### DATASET ENTRIES
+---+

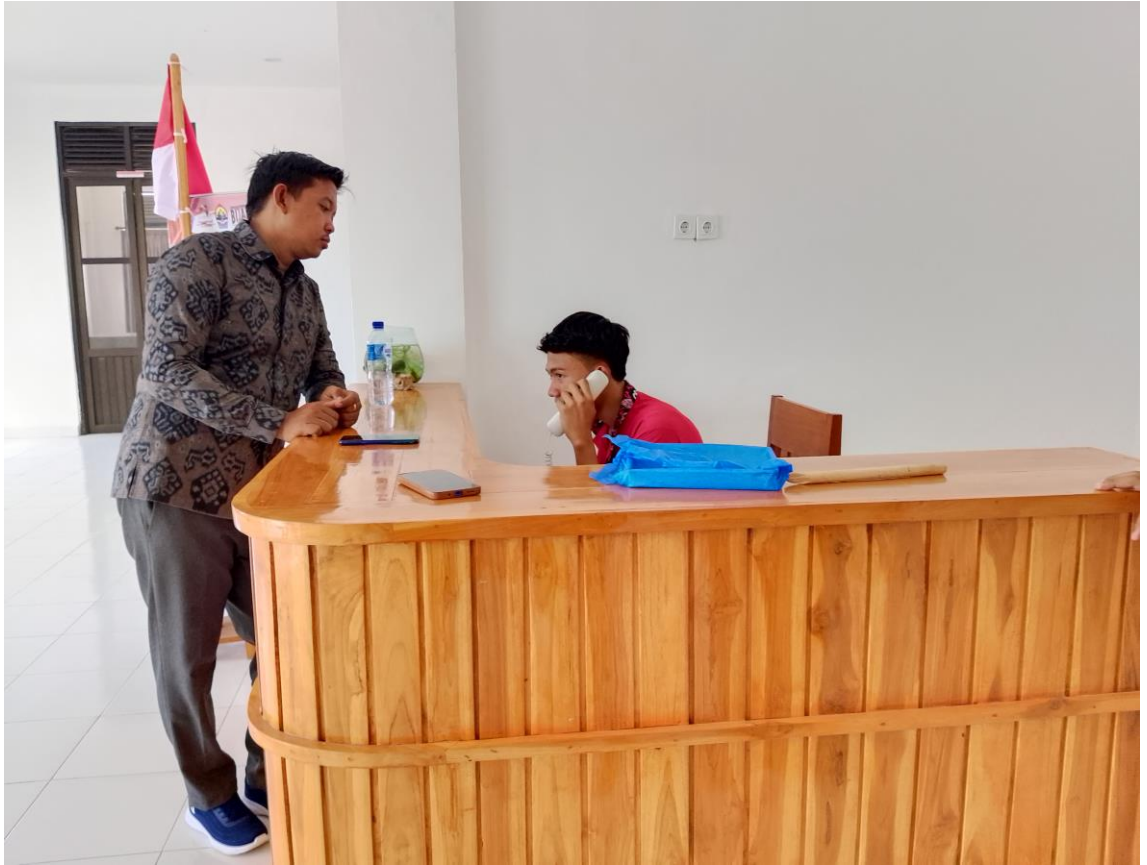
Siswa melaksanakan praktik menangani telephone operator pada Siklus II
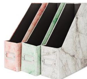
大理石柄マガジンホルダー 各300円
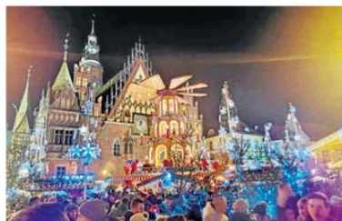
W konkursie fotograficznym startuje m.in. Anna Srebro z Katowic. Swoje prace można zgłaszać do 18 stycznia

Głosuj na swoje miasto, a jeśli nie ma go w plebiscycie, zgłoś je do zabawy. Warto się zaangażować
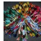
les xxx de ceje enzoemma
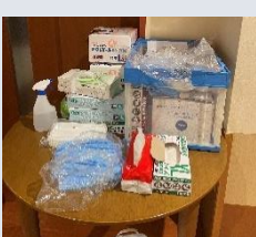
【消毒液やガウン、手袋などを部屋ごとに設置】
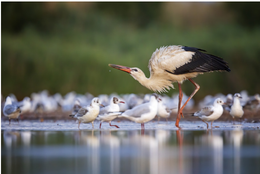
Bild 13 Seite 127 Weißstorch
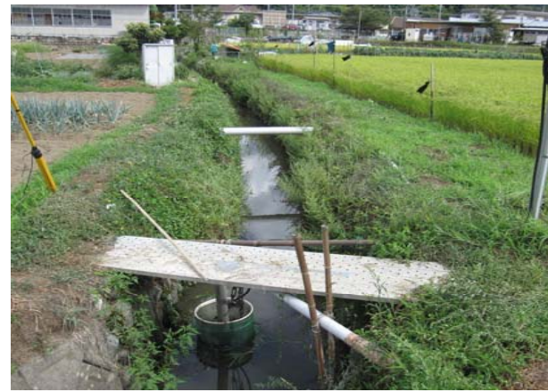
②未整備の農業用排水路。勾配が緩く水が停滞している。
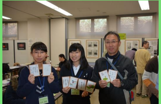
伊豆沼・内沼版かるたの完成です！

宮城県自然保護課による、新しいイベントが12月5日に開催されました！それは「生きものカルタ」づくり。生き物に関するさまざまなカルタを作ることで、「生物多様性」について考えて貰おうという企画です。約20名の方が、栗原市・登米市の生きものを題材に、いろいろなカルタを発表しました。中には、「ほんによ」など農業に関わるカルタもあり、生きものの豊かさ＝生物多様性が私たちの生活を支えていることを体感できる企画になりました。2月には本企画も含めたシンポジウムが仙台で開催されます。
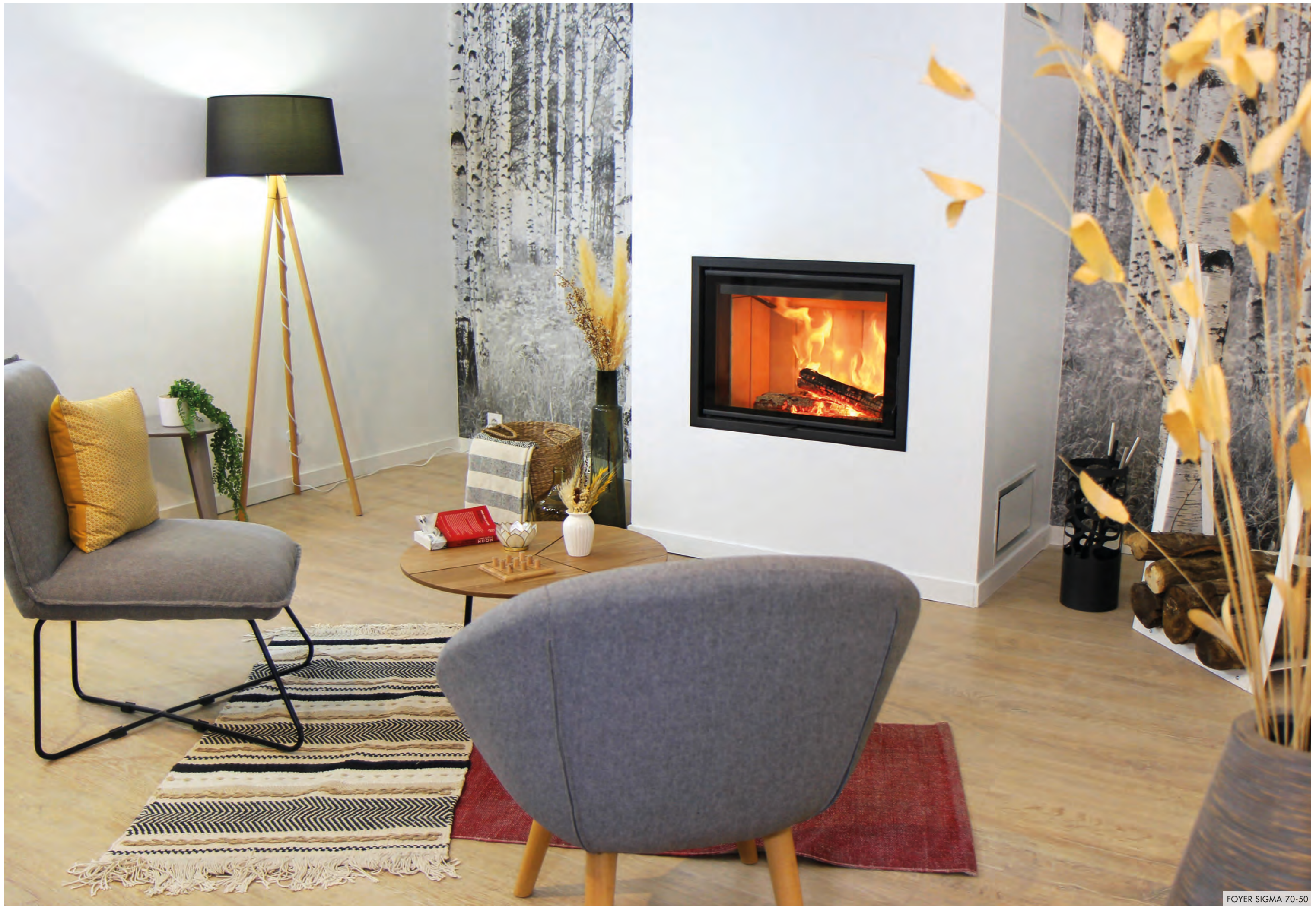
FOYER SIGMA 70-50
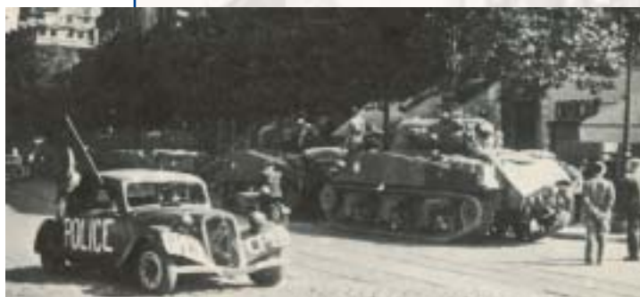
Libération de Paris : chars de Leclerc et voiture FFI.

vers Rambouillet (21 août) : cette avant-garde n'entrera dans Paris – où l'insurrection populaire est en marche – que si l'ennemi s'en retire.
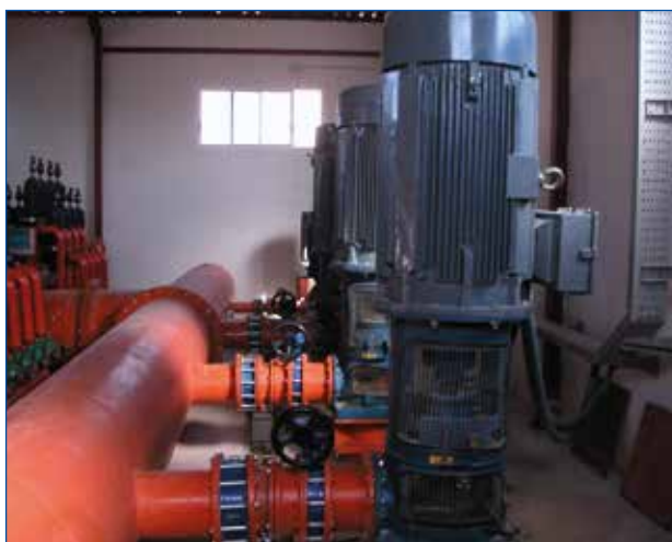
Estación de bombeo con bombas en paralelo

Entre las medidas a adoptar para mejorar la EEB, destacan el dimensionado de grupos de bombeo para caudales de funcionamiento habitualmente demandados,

+---+

### EXERCISE
All records, pictures excluded: copy them exactly.

### TASK RESPONSE
Siswa melaksanakan praktik menangani telephone operator pada Siklus II
大理石柄マガジンホルダー 各300円
W konkursie fotograficznym startuje m.in. Anna Srebro z Katowic. Swoje prace można zgłaszać do 18 stycznia

Głosuj na swoje miasto, a jeśli nie ma go w plebiscycie, zgłoś je do zabawy. Warto się zaangażować
les xxx de ceje enzoemma
【消毒液やガウン、手袋などを部屋ごとに設置】
Bild 13 Seite 127 Weißstorch
②未整備の農業用排水路。勾配が緩く水が停滞している。
伊豆沼・内沼版かるたの完成です！

宮城県自然保護課による、新しいイベントが12月5日に開催されました！それは「生きものカルタ」づくり。生き物に関するさまざまなカルタを作ることで、「生物多様性」について考えて貰おうという企画です。約20名の方が、栗原市・登米市の生きものを題材に、いろいろなカルタを発表しました。中には、「ほんによ」など農業に関わるカルタもあり、生きものの豊かさ＝生物多様性が私たちの生活を支えていることを体感できる企画になりました。2月には本企画も含めたシンポジウムが仙台で開催されます。
FOYER SIGMA 70-50
Libération de Paris : chars de Leclerc et voiture FFI.

vers Rambouillet (21 août) : cette avant-garde n'entrera dans Paris – où l'insurrection populaire est en marche – que si l'ennemi s'en retire.
Estación de bombeo con bombas en paralelo

Entre las medidas a adoptar para mejorar la EEB, destacan el dimensionado de grupos de bombeo para caudales de funcionamiento habitualmente demandados,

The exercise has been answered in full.